**Data below:**
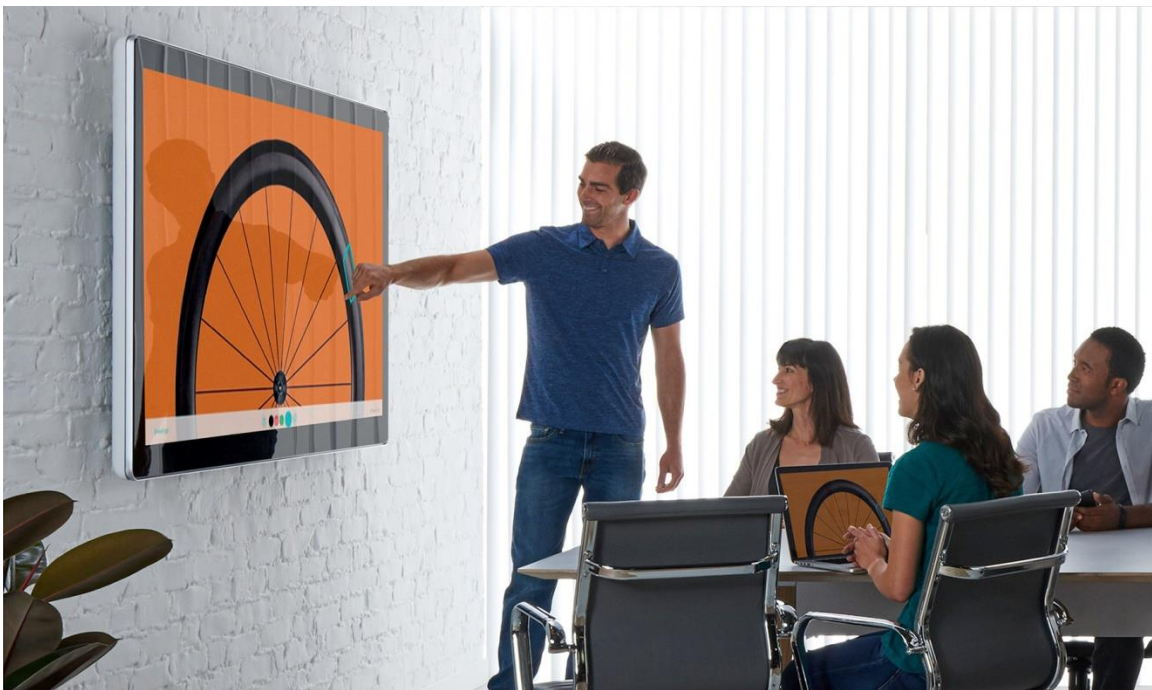
Figure 1. White Boarding Capability on the Cisco Webex Board 70

The Cisco Webex™ Board is an all-in-one device that provides everything you need to collaborate with your teams in physical meeting rooms. You can wirelessly present, white board, and have video and audio calls. And it securely connects to your virtual teams through the Cisco Webex service, via your Cisco Webex Teams app, so you can take your meetings and content on the road.
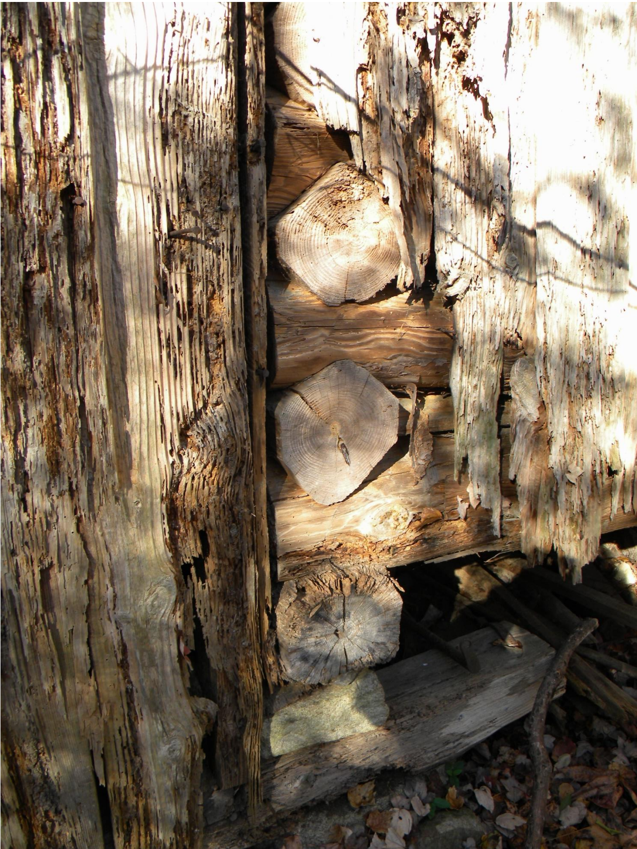
Exterior. Log corner where board and batten siding has deteriorated. This is to left of chimney.
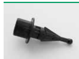
Intake Air Temperature Sensor

**Work task:**
Your response must reproduce every line of the data exactly, with images omitted.

**Response to the task:**
Figure 1. White Boarding Capability on the Cisco Webex Board 70

The Cisco Webex™ Board is an all-in-one device that provides everything you need to collaborate with your teams in physical meeting rooms. You can wirelessly present, white board, and have video and audio calls. And it securely connects to your virtual teams through the Cisco Webex service, via your Cisco Webex Teams app, so you can take your meetings and content on the road.
Exterior. Log corner where board and batten siding has deteriorated. This is to left of chimney.
Intake Air Temperature Sensor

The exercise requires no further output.